Aubaine pour les agriculteurs
Construire et exploiter une centrale de méthanisation, une installation photovoltaïque ou une turbine hydroélectrique ne fait pas encore partie du cursus agricole. Mais c’est un savoir-faire qui peut s’acquérir sur le tas, et le jeu en vaut la chandelle: envisagée comme une activité secondaire, la production d’énergie peut s’avérer salvatrice pour des agriculteurs de montagne confrontés à une situation économique difficile. Et on ne parle pas seulement de la vente de l’électricité: certaines centrales, comme l’installation de production de biogaz de Zermatt (VS), ouvrent leurs portes aux touristes pour des visites payantes. Au-delà de la dimension strictement financière, ceux qui franchissent le pas évoquent également un gain de qualité de vie: «La question, ce n’est pas «Combien cela va me rapporter?», souligne Simon Eschler. Ce qui compte, c’est de faire quelque chose qui a du sens.»
Alors, dans quelques décennies, tous les agriculteurs de montagne seront-ils des énergiculteurs? «Je le pense, dit Daniel Favrat. Regardez le nombre de granges qui sont déjà couvertes de panneaux photovoltaïques. Le monde paysan a compris qu’il avait un rôle à jouer. Avec des mesures de soutien ciblées, comme celles que propose l’Aide suisse à la montagne, et une amélioration du marché qui doit passer par des taxes sur le CO2, la production d’énergie constituera une véritable bouffée d’oxygène pour l’agriculture.»
Reste que pour mettre sur pied un projet de production énergétique, le processus est long et complexe: il faut un emplacement, des investisseurs, une planification financière solide et, surtout, l’âme d’un entrepreneur. Simon Eschler, lui, a réuni tous les ingrédients. Aujourd’hui, il joue volontiers son rôle d’ambassadeur, répondant aux questions des curieux comme des collègues tentés par l’aventure. «Notre activité est profondément liée à la terre, dit-il. Nous avons un rôle à jouer pour préserver ce patrimoine naturel et l’exploiter de manière durable. Pour moi, c’est une question de cohérence.»

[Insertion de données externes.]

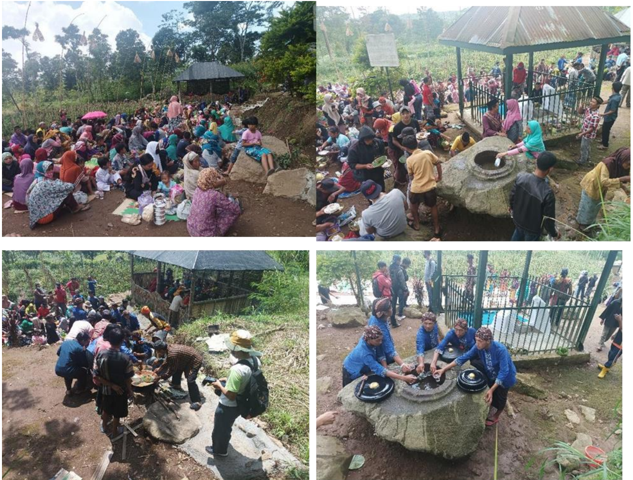
Figure 5. Rejeban in Ngrawan Inscription Site
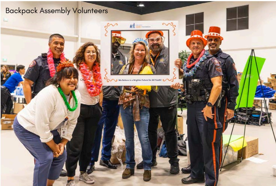
Backpack Assembly Volunteers
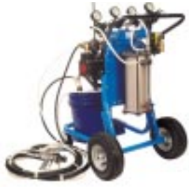
Poly-Craft Grani-Tec System 205-1000
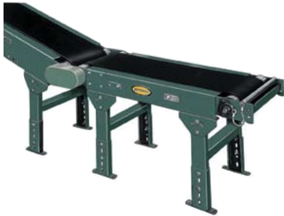
SHOWN WITH OPTIONAL LOWER POWERED FEEDER AND SUPPORTS

FLOOR SUPPORTS —Now supplied as optional equipment.
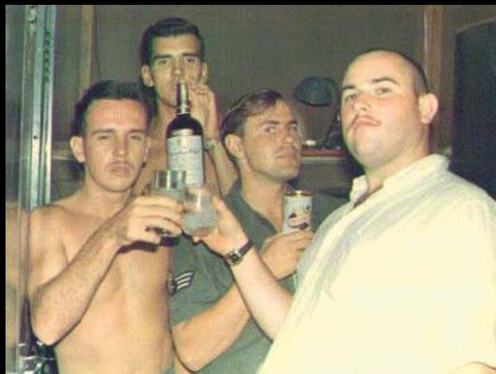
[11] Off Duty! Pain-ing No Feel... Felling No Pin ... Feeling No Pain!
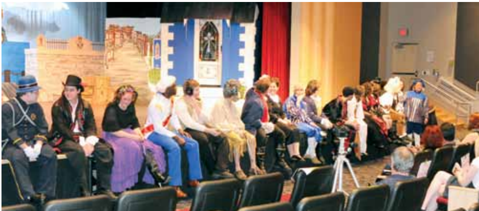
The Lion Players presented its 13th annual production, The Comedy of Errors in April. One of Shakespeare's earliest plays, it is a farcical tale of mistaken identity with wrongful beatings, a near-seduction, and accusations of theft, infidelity, and madness.
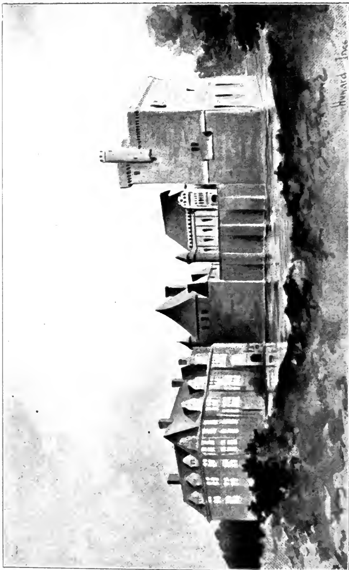
THE CASTLE OF ZENDA.

Texte(s): Clément Grandjean
Photo(s): Aide suisse à la montagne

Questions à...

Ivo Torelli, porte-parole de l’Aide suisse à la montagne
Votre fondation s’implique depuis de nombreuses années pour soutenir les projets énergétiques. En quoi est-ce encore plus important aujourd’hui?
Face à l’urgence climatique, il est indispensable de produire une énergie renouvelable. Ces projets génèrent des emplois et permettent donc de lutter contre le dépeuplement des régions alpines. L’Aide suisse à la montagne a soutenu en dix ans 74 projets dans le domaine des énergies renouvelables pour un montant global de 3,8 millions de francs.
Devenir producteur d’énergie, c’est un changement important pour un agriculteur. Vaut-il la peine de se lancer?
Oui. C’est une démarche à la fois responsable et économiquement intéressante: diversifier ses activités procure plus de sécurité. Lorsque des habitants d’une région de montagne, paysans ou non, s’associent pour créer un projet énergétique local, ils s’assurent une source de revenus tout en valorisant les matières premières locales. Fumier, bois ou déchets verts, elles peuvent être transformées de manière écologique.